Today’s fraudsters are much more flexible than the organizations that they impact, enabling them to adjust tactics almost daily. Our platform is designed to continually adapt in direct relation to the identified fraud, and the individual requirements of each client are addressed by offering customized, targeted solutions.
This customized and targeted business intelligence provides clients with crucial insights needed to proactively mitigate risks and improve compliance throughout their organizations.
While many fraud analytics programs focus on traditional audit and process rules, the PARALLAXperspective uses a unique approach to fraud prevention. Algorithms based on fraudulent human behavior and pattern recognition, coupled with business rules, provide a holistic approach to fraud detection. PARALLAXperspective is derived from our teams’ decades of combined experience in fighting fraud, counter-intelligence operations and law enforcement globally.
Our insurance fraud database becomes more accurate and precise as member participation increases. Participating clients will not have access to other member’s data, but will receive a risk notification for their existing claims based on records from the centralized database. This benefits every network member, while maintaining the integrity of data protection and privacy.
As part of an end-to-end solution, we provide in-house training for Claims personnel on investigative processes, case management and reporting. The use of Special Investigation Units (SIUs) for fraud mitigation is best practice globally, but requires significant resources to maintain. We close that loop by providing investigative training to claims personnel as the final step in validating questionable and fraudulent claims.

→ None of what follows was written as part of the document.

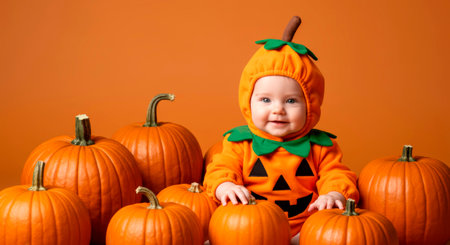 Baby in a pumpkin costume sits happily among a collection of pumpkins on a vibrant orange background for Halloween.

Drive down Combined Ratios. Catching defective claims before they are paid helps insurers to minimize losses due to fraud, waste and abuse, improving bottom line profits significantly.
Reduce Premium Leakage. Predictive analytics and the network effect provide valuable information at the time of underwriting, helping to minimize risk.
Enhance Efficiency in Claims Processing. The use of automated fraud detection saves time, minimizes human error and allows claims personnel to focus their attention where it is truly needed.
Competitive Advantage. Insurers can expect to see a significant ROI from the PARALLAXPerspective. Savings can be passed back to the consumer in the form of lower premiums, providing a competitive advantage.
Governance & Compliance. Working with the PARALLAXPerspective addresses the need for anti-fraud plans and programs, as mandated by the applicable rules and administrative bodies.